* Work item
Give the listing again character for character, but drop the images.

* Dataset excerpt
========================================================================

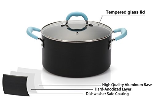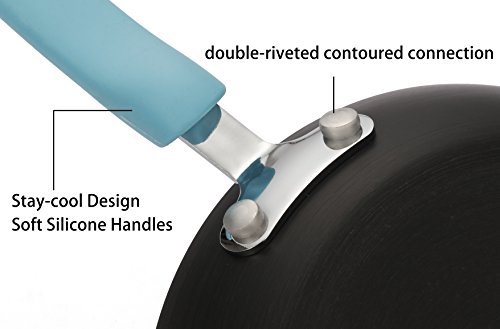 Stay-cool design soft silicone handles which used double-riveted contoured connection to keep handles sturdy and cool. Tempered glass lids keep the cookware visible while cooking
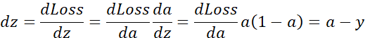 的导数,首先要向前一步,计算损失函数关于a的导数,在代码中,使用da来表示这个变量,现在进一步计算dz,损失函数关于dz的导数。最后一步,计算关于w1、w2和b的导数
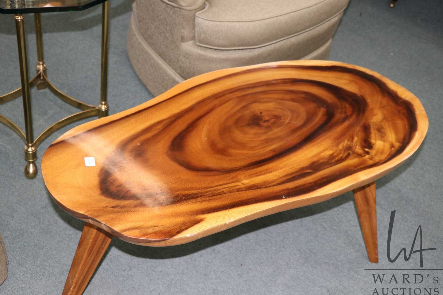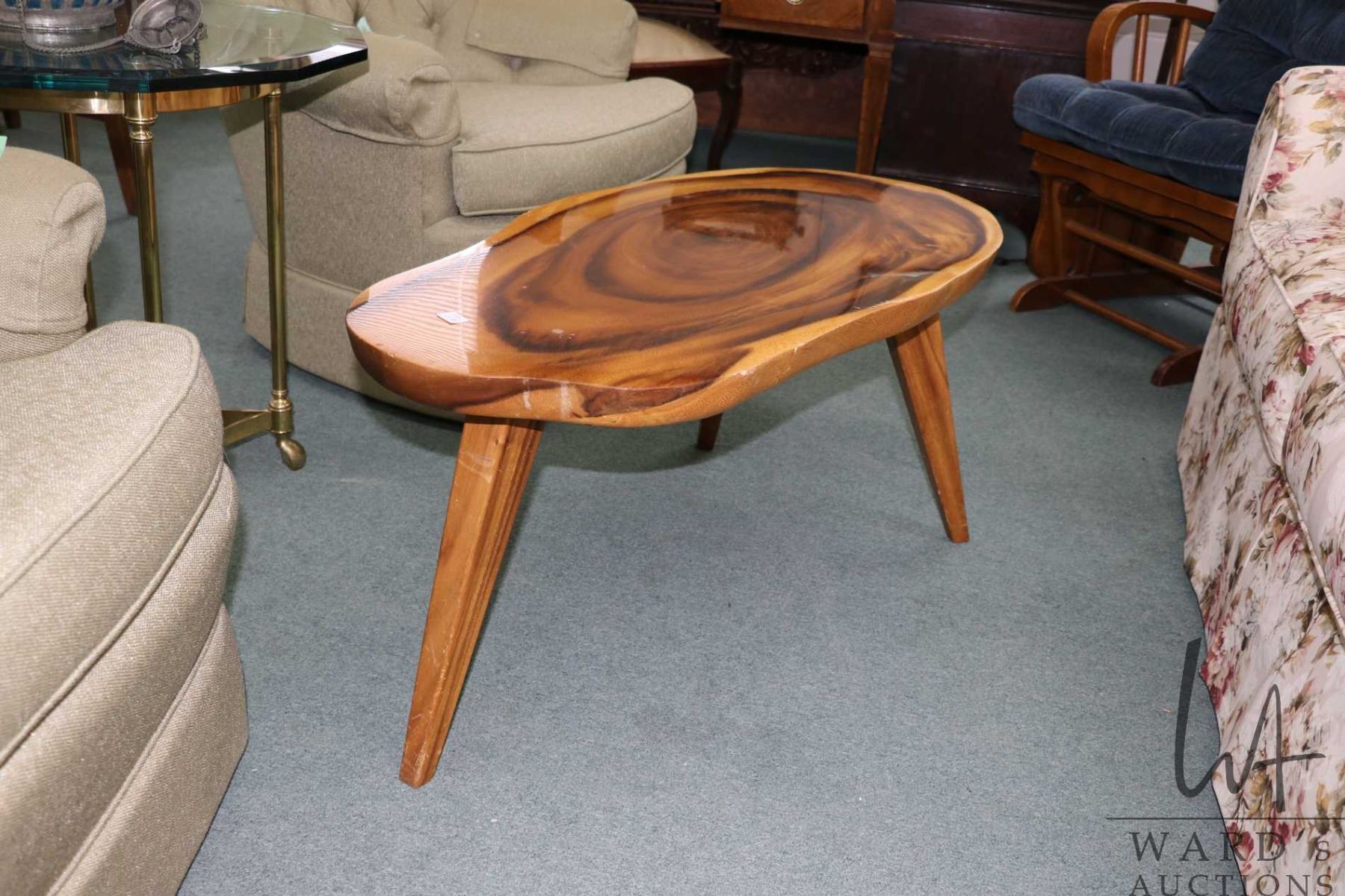 Mid century style live edge coffee table on three tapered leg, 17" H X 37" X 18"

========================================================================

* Result of the exercise
 Stay-cool design soft silicone handles which used double-riveted contoured connection to keep handles sturdy and cool. Tempered glass lids keep the cookware visible while cooking
 的导数,首先要向前一步,计算损失函数关于a的导数,在代码中,使用da来表示这个变量,现在进一步计算dz,损失函数关于dz的导数。最后一步,计算关于w1、w2和b的导数
 Mid century style live edge coffee table on three tapered leg, 17" H X 37" X 18"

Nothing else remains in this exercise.